Генетик-индивидуалист еще больше расстроил медицинский истеблишмент, будучи одним из первых, кто начал патентовать человеческие гены, и активно боролся с законодательством, которое впоследствии отменило патенты на них.
В тот момент Лео Детторе был одним из самых богатых ученых в мире и, возможно, самым противоречивым. Религиозные лидеры Соединенных Штатов и многих других стран пригвоздили к позорному столбу, ему запретили заниматься медициной в Соединенных Штатах после того, как он публично признался в проведении генетических экспериментов над эмбрионами, которые впоследствии созрели, он был непоколебим в своих убеждениях.
И он стучал в дверь их каюты.
3
Наоми открыла дверь, и ее встретил высокий мужчина с конвертом в руках, одетый в белый комбинезон и кеды, которые, казалось, были стандартной корабельной униформой. Мгновенно узнав его, Джон встал.

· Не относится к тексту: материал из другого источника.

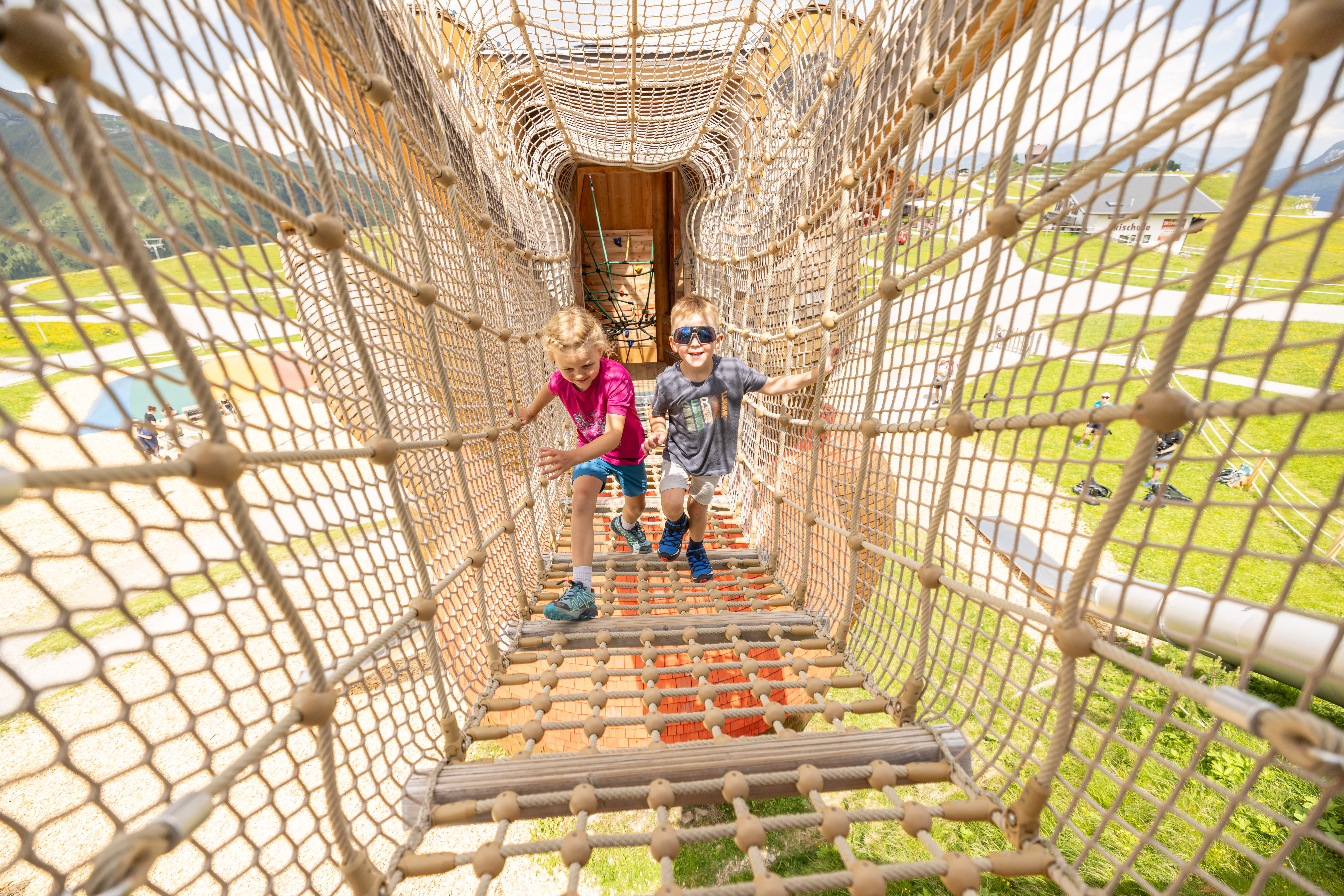 Behind the giant bear Pepi two towers are built which can be reached by hanging bridges. It takes some courage to march in dizzying heights over the bridges and is just the thing for small and big adventurers. About 7 m above the ground, it's off the second tower with a 15 m slide. When you slide it tingles neatly in the stomach and makes you want more.
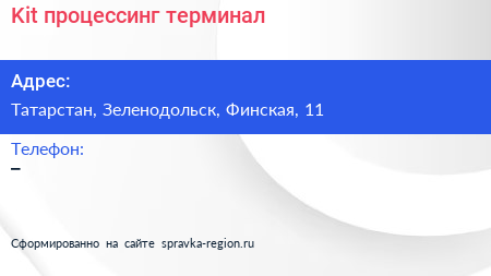 Kit процессинг, терминал по адресу Татарстан, Зеленодольск, Финская, 11 в дальнейшем Организация, размещена в следующих категориях:
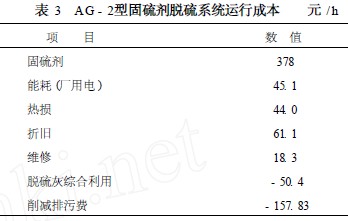 應(yīng)用AG - 2型固硫劑脫硫技術(shù)的系統(tǒng)能耗為 200 ( kW·h) /h,僅為其他脫硫技術(shù)的1 /4~1 /2,也就是說,應(yīng)用AG - 2型固硫劑脫硫技術(shù)所造成的鍋爐熱效率損失和脫硫系統(tǒng)能耗之和,仍比其他脫硫技術(shù)的能耗小得多。
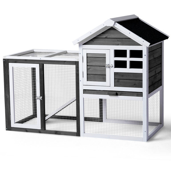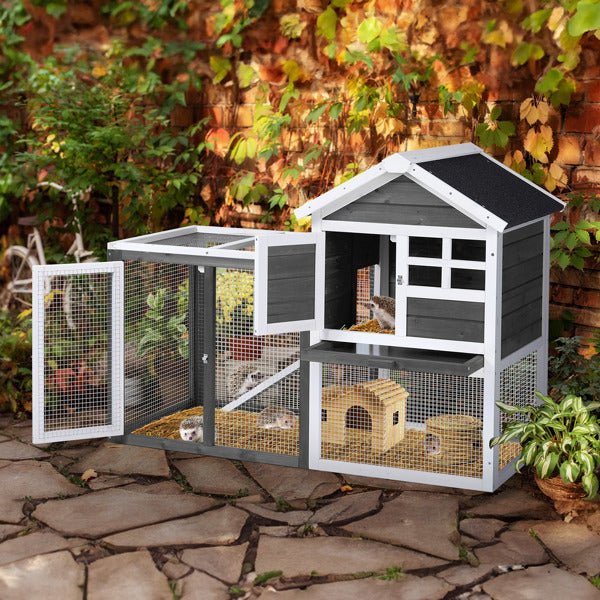 House Type With Ladder Gray Fir Wood Chicken Rabbit Cage
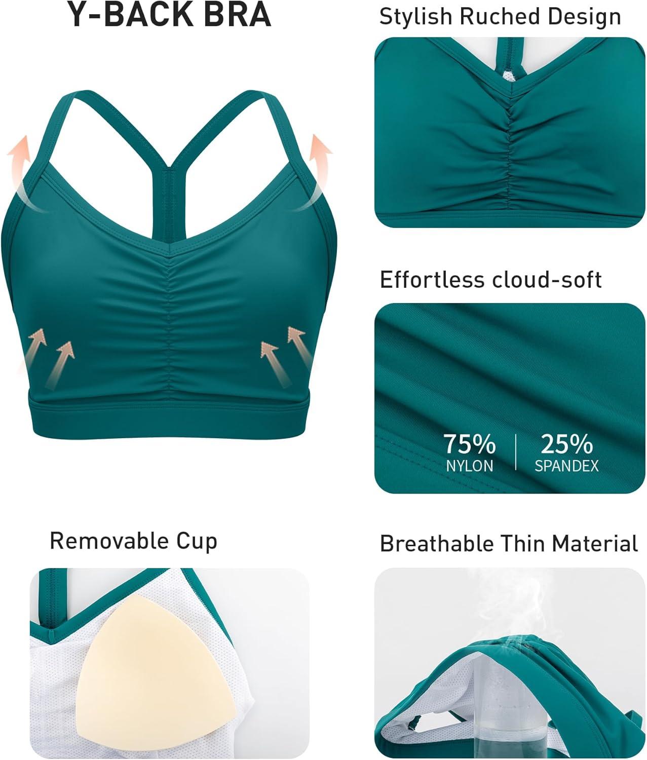 RUNNING GIRL Sports Bra for Women Ruched V Neck – Y Back Spaghetti Thin Strap Wireless Padded Medium Support Yoga Crop Top_WX3094_Dark Green_S

Он был удивлен тем, насколько внушительным был генетик во плоти, намного выше, чем он себе представлял, на целую голову выше, чем он сам, по крайней мере шесть футов шесть дюймов. Он также узнал голос, обезоруживающий, но настойчивый южно-калифорнийский акцент, из телефонных разговоров, которые они вели в последние месяцы.
— Доктор Клаессон? Миссис Клаессон? Я Лео Детторе. Надеюсь, я не побеспокоил вас, ребята!

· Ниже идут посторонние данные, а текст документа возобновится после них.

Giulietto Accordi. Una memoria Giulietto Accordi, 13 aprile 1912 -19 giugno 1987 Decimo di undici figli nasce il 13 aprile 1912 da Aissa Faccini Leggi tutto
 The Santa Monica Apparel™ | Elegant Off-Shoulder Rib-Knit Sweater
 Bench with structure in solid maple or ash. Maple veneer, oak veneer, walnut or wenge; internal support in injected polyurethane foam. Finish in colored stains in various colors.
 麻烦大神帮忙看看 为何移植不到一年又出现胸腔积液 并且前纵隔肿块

Человек, которому они отдали почти каждый цент, который у них был в мире, плюс сто пятьдесят тысяч долларов, которых они не получили, крепко и неторопливо пожал руку Наоми, не сводя с нее глаз своим мягким взглядом. серый цвет, резкий и настороженный и искрящийся теплом. Она улыбнулась в ответ, бросив беглый, испуганный взгляд на беспорядок одежды вокруг Джона, отчаянно жалея, что у нее не было возможности привести себя в порядок. — Нет, ты нам совсем не мешаешь. Входите, — сказала она.
«Просто хотел заскочить, представиться и дать вам кучу материала для чтения». Генетику пришлось наклонить голову, когда он вошел в кабину. — Рад наконец познакомиться с вами лично, доктор Клаессон.
— И вы тоже, доктор Детторе.
Хватка Детторе была крепкой, он взял на себя ответственность за рукопожатие, как он явно взял на себя ответственность за все остальное. Джон почувствовал момент неловкости между ними. Детторе, казалось, что-то сигнализировал своей улыбкой, как будто между двумя мужчинами был какой-то тайный договор. Возможно, подразумеваемое соглашение между двумя учеными, которые понимали, о чем идет речь, гораздо больше, чем могла бы Наоми.
За исключением того, что Джон никогда не хотел, чтобы это было так. Он и Наоми приняли это решение вместе с первого дня, с широко открытыми глазами, равные партнеры. Не было ничего, что он хотел бы скрыть от нее, и ничего, что он мог бы исказить или исказить из того, что он представил ей. Период.
Поджарый и загорелый, с утонченной латинской внешностью, Лео Детторе излучал уверенность и обаяние. У него были идеальные зубы, у него были пышные волосы, темные и роскошные, безукоризненно зачесанные назад и с элегантными серебристыми прядями на висках. И хотя ему было шестьдесят два года, он легко мог бы сойти за человека на десять лет моложе.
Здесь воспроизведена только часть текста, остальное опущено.